Categories
cloud data center fpga

Why Microsoft is building programmable chips that specialize in search — Tech News and Analysis

English: Altera Stratix IV EP4SGX230 FPGA on a PCB
English: Altera Stratix IV EP4SGX230 FPGA on a PCB (Photo credit: Wikipedia)

SUMMARY: Microsoft has been experimenting with its own custom chip effort in order to make its data centers more efficient, and these chips aren’t centered around ARM-based cores, but rather FPGAs from Altera.

via Why Microsoft is building programmable chips that specialize in search — Tech News and Analysis.

FPGAs for the win, at least for eliminating unnecessary Xeon CPUs for doing online analytic processing for the Bing Search service. MS are saying they can process the same amount of data with half the number of CPUs by offloading some of the heavy lifting from general purpose CPUs to specially programmed FPGAs tune to the MS algorithms to deliver up the best search results. For MS the cost of the data center will out, and if you can drop half of the Xeons in a data center you just cut your per transaction costs by half. That is quite an accomplishment these days of radical incrementalism when it comes to Data Center ops and DevOps. The Field Programmable Gate Array is known as a niche, discipline specific kind of hardware solution. But when flashed, and programmed properly and re-configured as workloads and needs change it can do some magical heavy lifting from a computing standpoint.

Specifically I’m thinking really repetitive loops or recursive algorithms that take forever to unwind and deliver a final result are things best done in hardware versus software. For Search Engines that might be the process used to determine the authority of a page in the rankings (like Google’s PageRank). And knowing you can further tune the hardware to fit the algorithm means you’ll spend less time attempting to do heavy lifting on the General CPU using really fast C/C++ code instead. In Microsoft’s plan that means less CPUs need to do the same amount of work. And better yet, if you determine a better algorithm for your daily batch processes, you can spin up a new hardware/circuit diagram and apply that to the compute cluster over time (and not have to do a pull and replace of large sections of the cluster). It will be interesting to see if Microsoft reports out any efficiencies in a final report, as of now this seems somewhat theoretical though it may have been tested at least in a production test bed of some sort using real data.

Categories
computers fpga gpu

10 Reasons OpenCL Will Change Your Design Strategy & Market Position | EE Times

OpenCL logo
OpenCL logo (Photo credit: Wikipedia)

OpenCL is a breakthrough precisely because it enables developers to accelerate the real-time execution of their algorithms quickly and easily — particularly those that lend themselves to the considerable parallel processing capabilities of FPGAs (which yield superior compute densities and far better performance/Watt than CPU- and GPU-based solutions)

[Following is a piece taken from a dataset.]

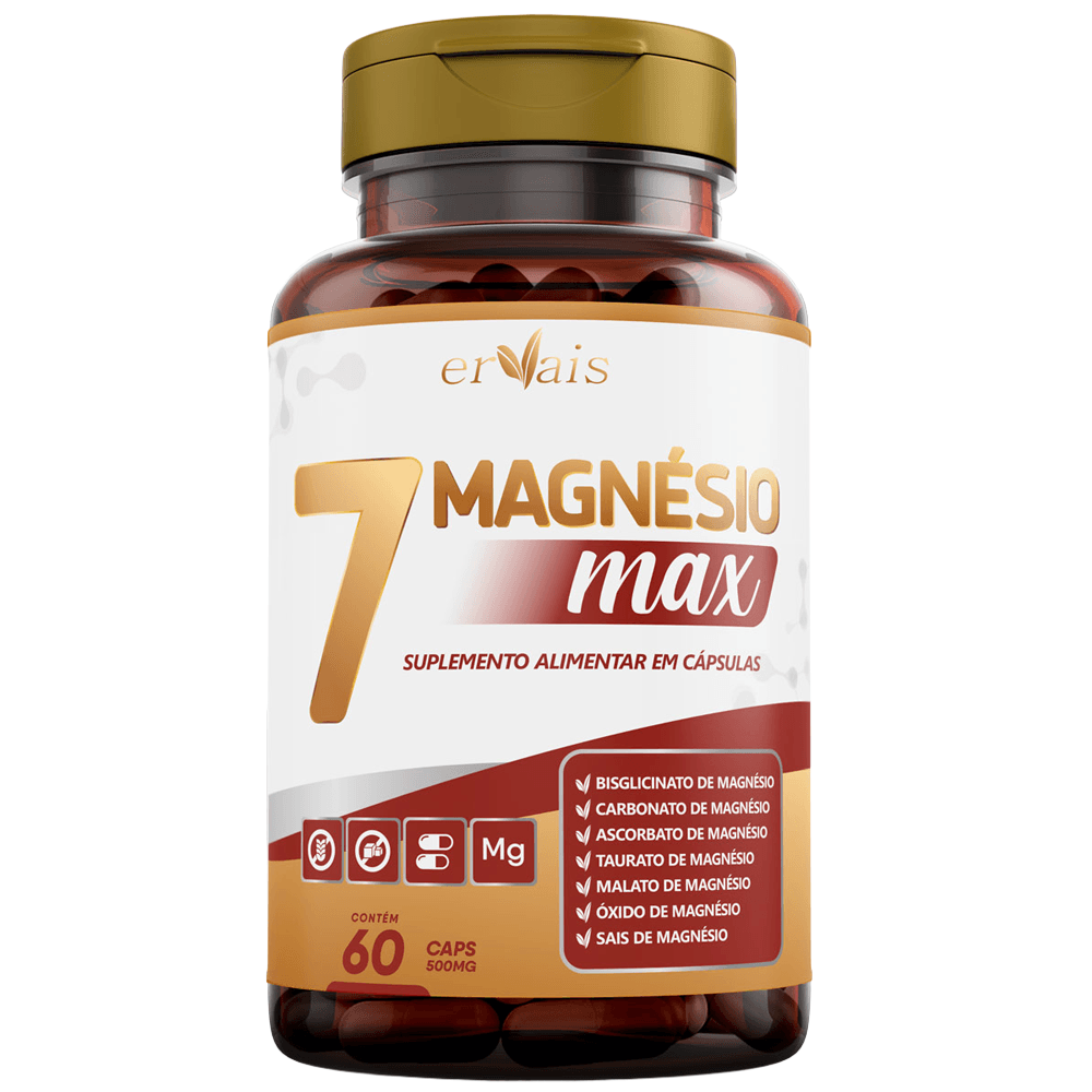 7 Magnésio Max Óxido Bisglicinato Malato Carbonato Taurato Ascorbato 60 Cápsulas
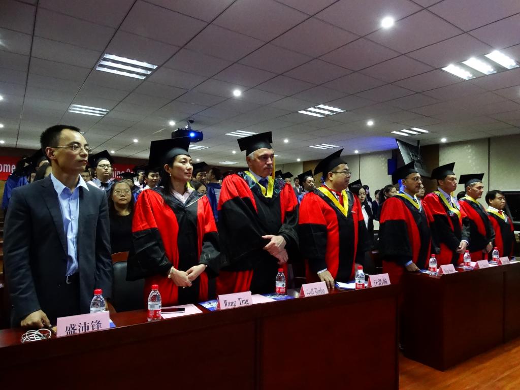 当晚八点,典礼开始。院长范柏乃教授以一句饱含热情的“Welcome!”向远道而来的澳方嘉宾和在场学员们致以诚挚的欢迎。在介绍完两校的出席嘉宾后,全体师生起立,现场奏响了中澳两国国歌。汪浩瀚教授代表51吃瓜网 发表了讲话。他肯定了宁大中澳MBA项目创办十六年来所取得的成果——从单纯的国外学位研修项目到受国家教育部认可的学位教育项目的提升和转变。他指出51吃瓜网 国际化教育发展进一步加强和发挥了51吃瓜网 在浙江省国际合作办学领域中的地位和作用。他鼓励2016届的毕业生们“不轻言放弃”,保持梦想和激情,通过实践,实现自己的梦想和人生价值。同时,他也鼓励2016级新生珍惜学习机会,注重理论联系实际,注重本土与国际化相结合,在各自事业发展中积累成功经验,互学互助,学有所成,学以致用。紧接着,澳大利亚堪培拉大51吃瓜网 长Deep Saini教授发表了真挚而诚恳的讲话,他以自己在堪培拉大学的职业生涯为切入点,侃侃而谈项目创立至今为止的变化和对未来中澳双方在众多方面开展进一步合作的殷切期待。他鼓励中澳MBA的学生们通过项目的学习,积极实践自己的商业理想,并祝福这一届的毕业生能够获得事业上的成功。

via 10 Reasons OpenCL Will Change Your Design Strategy & Market Position | EE Times.

There’s still a lot of untapped energy available with the OpenCL programming tools. Apple is still the single largest manufacturer who has adopted OpenCL through a large number of it’s products (OS and App software). And I know from reading about super computing on GPUs that some large scale hybrid CPU/GPU computers have been ranked worldwide (the Chinese Tiahne being the first and biggest example). This article from EETimes encourages anyone with a brackground in C programming to try and give it a shot, see what algorithms could stand to be accelerated using the resources on the motherboard alone. But being EETimes they are also touting the benefits of using FPGAs in the mix as well.

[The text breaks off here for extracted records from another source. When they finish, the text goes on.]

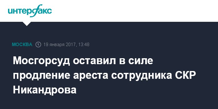 Москва. 19 января. INTERFAX.RU - Мосгорсуд признал законным продление на три месяца ареста первому заместителю руководителя столичного главка Следственного комитета Денису Никандрову, обвиняемому в коррупции.
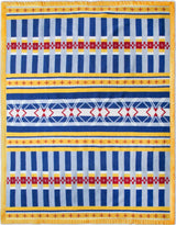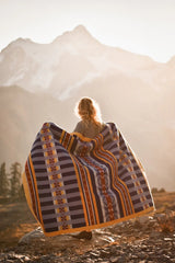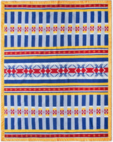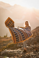 The designs of the All My Relations Wool Blanket honor and recognize the proud nations that Bethany comes from. Cross-lain vertical stripes and crosses speak to Crow design elements, while horizontal stripes and the Morning Star pattern reflect her Northern Cheyenne heritage. Traditionally, the two tribes were enemies with a longstanding rivalry dating back to the days when they lived freely and buffalo roamed the Great Plains. This design weaves the differences and blends the similarities of each tribal nation in a harmonious symbol of unity.
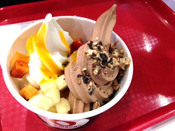 折角なので色々試してみたいと思い、フローズンヨーグルトのベースはプレーン・チョコレート・ストロベリー・マンゴーの4種類。その中から2種類が選べるマンモス(280g・650円) でプレーンとチョコレートをオーダー、トッピングも盛り沢山な5スプーンをチョイス。さらに、ビタミンティー(ホット・480円)も頂きます。
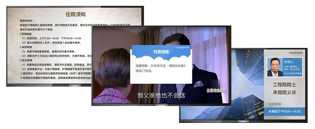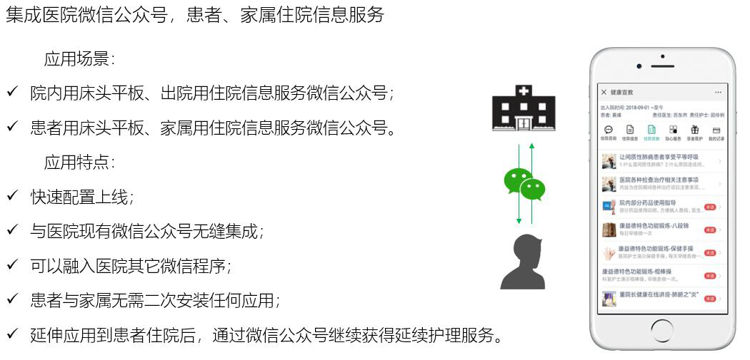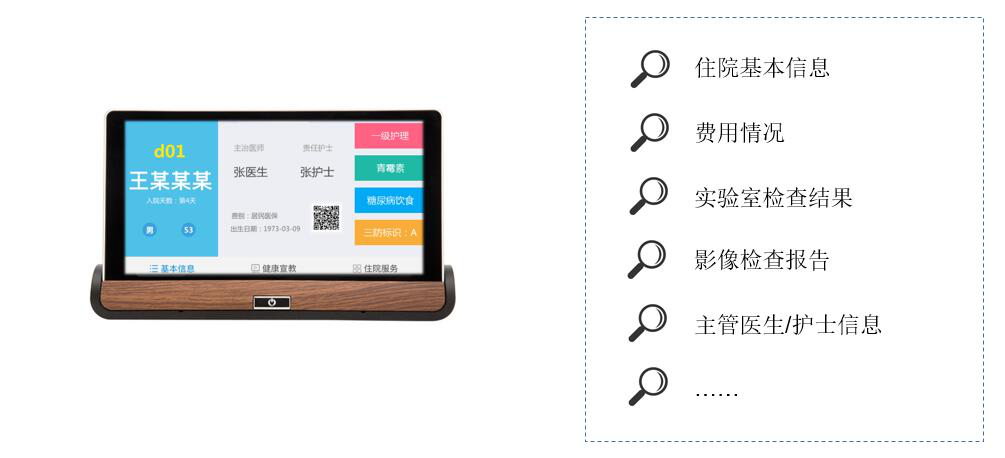 拓展床旁醫(yī)護(hù)、營養(yǎng)點餐、患者貼心服務(wù)、醫(yī)患交流、住院宣教、健康指導(dǎo)等功能,改善住院服務(wù)流程,改善患者就醫(yī)體驗,優(yōu)化醫(yī)患交互,改善醫(yī)療服務(wù)模式,提升智慧醫(yī)療的效率和水平。

To date the low-hanging fruit for desktop PC makers and their peripheral designers and manufacturers has been to reuse the GPU as massively parallel co-processor where it makes sense. But as the EETimes writer emphasizes, FPGAs can be equal citizens too and might further provide some more flexible acceleration. Interest in the FPGA as a co-processor for desktop to higher end enterprise data center motherboards was brought to the fore by AMD back in 2006 with the Torrenza cpu socket. The hope back then was that giving a secondary specialty processor (at the time an FPGA) might prove to be a market no one had addressed up to that point. So depending on your needs and what extra processors you might have available on your motherboard, OpenCL might be generic enough going forward to get a boost from ALL the available co-processors on your motherboard.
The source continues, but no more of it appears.